The synthetic example in Figure 3 leverages a simple setting to showcase the main components of our framework for trustworthy scientific inference. We assume that all data are generated from an (unknown) Gaussian likelihood \(p(X \mid \theta) = \mathcal{N}(\theta, 1)\) and proceed as follows:
We construct a training set \(\mathcal{T}_{\text{train}} = \{(\theta_i, X_i)\}_{i=1}^B \sim p(X \mid \theta)\pi(\theta)\) with \(B=100{,}000\) and \(\pi(\theta) = \mathcal{N}(0, 1)\) to learn \(\hat{\pi}(\theta \mid X)\) through a generative model. For this example, we use a simple masked autoregressive flow [1, 2] as implemented in the SBI library [3], using default hyper-parameters;
We construct a calibration set \(\mathcal{T}_{\text{cal}} = \{(\theta_i, X_i)\}_{i=1}^{B^\prime} \sim p(X \mid \theta)r(\theta)\) with \(B^{\prime}=50{,}000\) and \(r(\theta) = \mathcal{U}(-10, 10)\) to learn a monotonic transformation \(\hat{F}(\hat{\pi}(\theta \mid X);\theta)\) of the estimated posterior. Here, we estimate an amortized p-value function \(P_{X \mid \theta}\left( \hat{\pi}(\theta \mid X) < \hat{\pi}(\theta_0 \mid X) \right)\) by setting the number of resampled cutoffs to \(K=10\) and leveraging a tree-based gradient-boosted probabilistic classifier as implemented in the CatBoost library [4]. We only optimize the number of trees and the maximum depth, which are finally set to \(1000\) and \(9\), respectively;
We generate \(X_{\text{target}} \sim p(X \mid \theta^\star = 4)\) and construct an HPD set and a FreB set. Note that we only observe a single sample to infer \(\theta^\star\), i.e., \(n=1\);
Finally, we check local coverage by first generating a diagnostic set \(\mathcal{T}_{\text{diagn}} = \{(\theta_i, X_i)\}_{i=1}^{B^{\prime\prime}} \sim p(X \mid \theta)r(\theta)\) with \(B^{\prime\prime}=50{,}000\) and \(r(\theta) = \mathcal{U}((-10, 10))\) and then learning a probabilistic classifier via a univariate Generalized Additive Model (GAM) with thin plate splines as implemented in the MGCV library in R [5].
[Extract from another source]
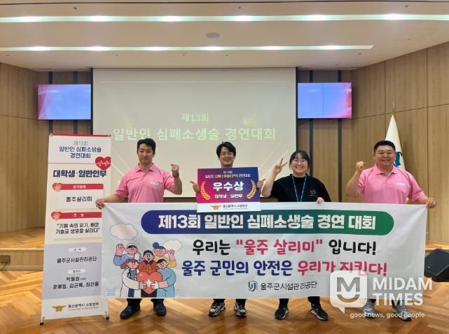 미담타임스 김준완 기자 | 울주군시설관리공단은 4월 27일, 울산소방본부가 주최한 제13회 일반인 심폐소생술 경연대회에서 청소년부 ‘최우수상’과 대학·일반부 ‘우수상’을 동시에 수상하며 지역사회 안전문화 확산에 앞장서는 기관으로서의 위상을 다시 한번 입증했다.

[1] Papamakarios, G., & Murray, I. (2016). Fast ε-free Inference of Simulation Models with Bayesian Conditional Density Estimation. In D. Lee, M. Sugiyama, U. Luxburg, I. Guyon, & R. Garnett (Eds.), Advances in Neural Information Processing Systems 29 (pp. 1028–1036). Curran Associates, Inc.
[2] Lueckmann, J.-M., Goncalves, P. J., Bassetto, G., Öcal, K., Nonnenmacher, M., & Macke, J. H. (2017). Flexible statistical inference for mechanistic models of neural dynamics. In I. Guyon, U. V. Luxburg, S. Bengio, H. Wallach, R. Fergus, S. Vishwanathan, & R. Garnett (Eds.), Advances in Neural Information Processing Systems 30 (pp. 1289–1299). Curran Associates, Inc. http://papers.nips.cc/paper/6728-flexible-statistical-inference-for-mechanistic-models-of-neural-dynamics.pdf
[3] Tejero-Cantero, A., Boelts, J., Deistler, M., Lueckmann, J.-M., Durkan, C., Gonçalves, P. J., Greenberg, D. S., & Macke, J. H. (2020). sbi: A toolkit for simulation-based inference. Journal of Open Source Software, 5(52), 2505. https://doi.org/10.21105/joss.02505
[4] Prokhorenkova, L., Gusev, G., Vorobev, A., Dorogush, A. V., & Gulin, A. (2018). CatBoost: unbiased boosting with categorical features. Advances in Neural Information Processing Systems, 31.
[5] Wood, S., & Wood, M. S. (2015). Package ‘mgcv’. R Package Version, 1(29), 729.